Common Goal Inspires Collaboration Between NUS Engineering, Keppel and SLNG

NUS Engineering joins forces with the Keppel Data Centres Holdings Pte Ltd (Keppel

Data Centres) and Singapore LNG

Corporation Pte Ltd (SLNG) to develop a new, energy-efficient and costeffective cooling technology for data centres.

The five-member team from NUS Engineering, Keppel Data Centres and SLNG under the leadership of Dean’s Chair and Associate Professor Praveen Linga will develop a prototype of a new cooling medium that can efficiently store and carry cold energy from SLNG Terminal to the various data centres as well as circulate the energy within the cooling loop in each data centre to achieve effective cooling.

In conventional chilling technology, a liquid coolant – usually chilled water – is used to cool the air in data centres. Large volumes of water are required to supply chilled water in the circulation loop to carry out cooling as water has limited thermal capacity. Consequently, to generate adequate pumping loads to maintain the flow of chilled water in the cooling system, a large infrastructure is required.

In this project, the research team will explore use of the Semiclathrate Thermal Energy Carrier System (ScTECS) which can potentially enable data centres to improve their power usage effectiveness by 20 percent. The footprint of the cooling infrastructure could also be significantly reduced – saving space and construction costs, and enabling more sustainable and compact data centres in the future.

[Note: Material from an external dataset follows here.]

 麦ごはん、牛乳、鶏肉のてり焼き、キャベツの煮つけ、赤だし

The team also intends to harness and utilise LNG cold energy from LNG re-gasification terminals and use it to offset the energy demands in data centres. Cold energy generated from LNG re-gasification could be stored in phase change materials and distributed to data centres for cooling purposes.

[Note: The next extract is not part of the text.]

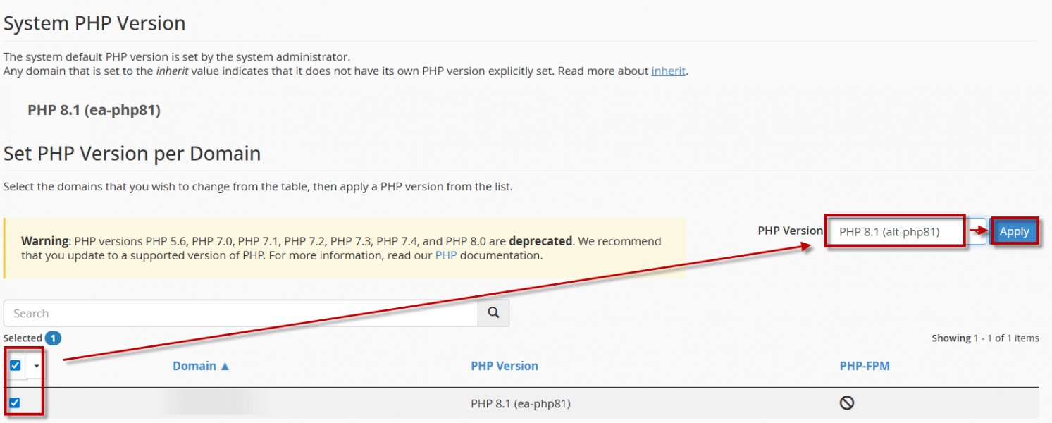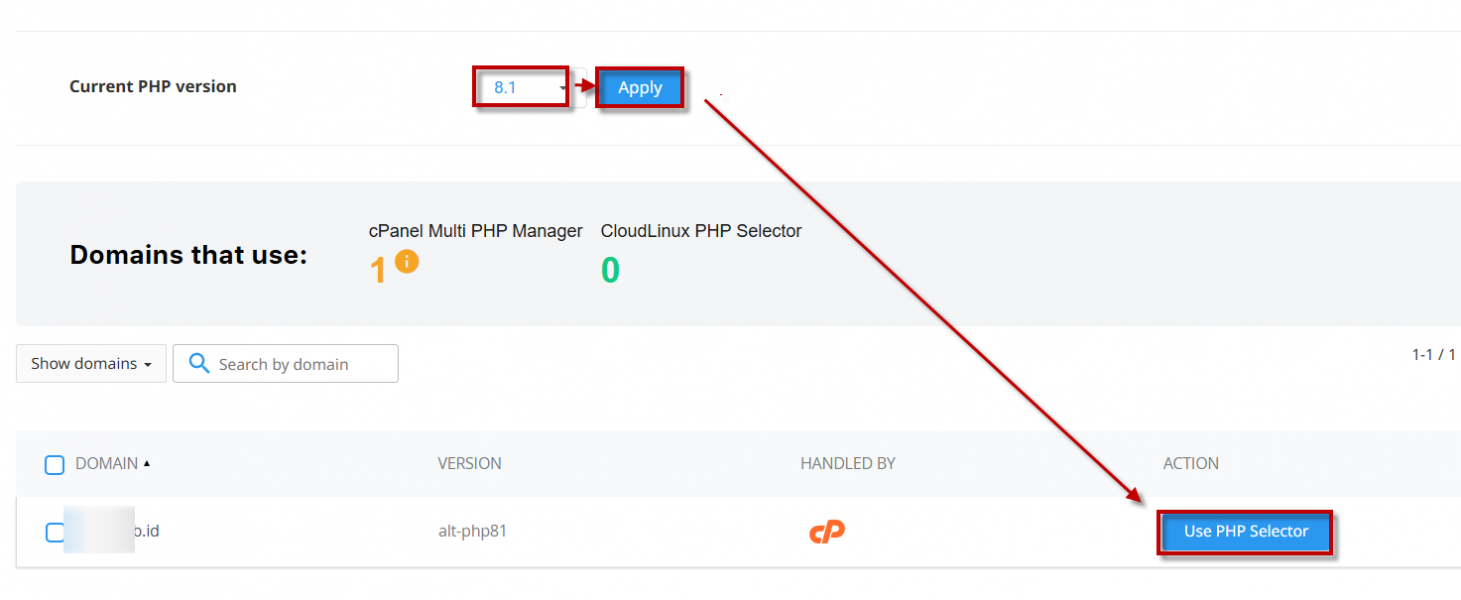 - Pilih domain yang ingin di di konfigurasikan kemudian pastikan versi php menggunakan alt bukan ea kemudian Apply.

The process prototype demonstrating the cooling technology with a capacity of one tonne per day will be designed, built and operated for demonstration by 2022 at NUS.

The research project is supported by the National Research Foundation Singapore under its Green Data Centre Research Programme.

“Improving the efficiency of the cooling system can result in significant energy savings and reduce the carbon footprint of data centres. Therefore, in this project, we aim to demonstrate a novel way of storing cold energy release from the liquified Natural Gas (LNG) re-gasification process and using it to cool data centres efficiently.”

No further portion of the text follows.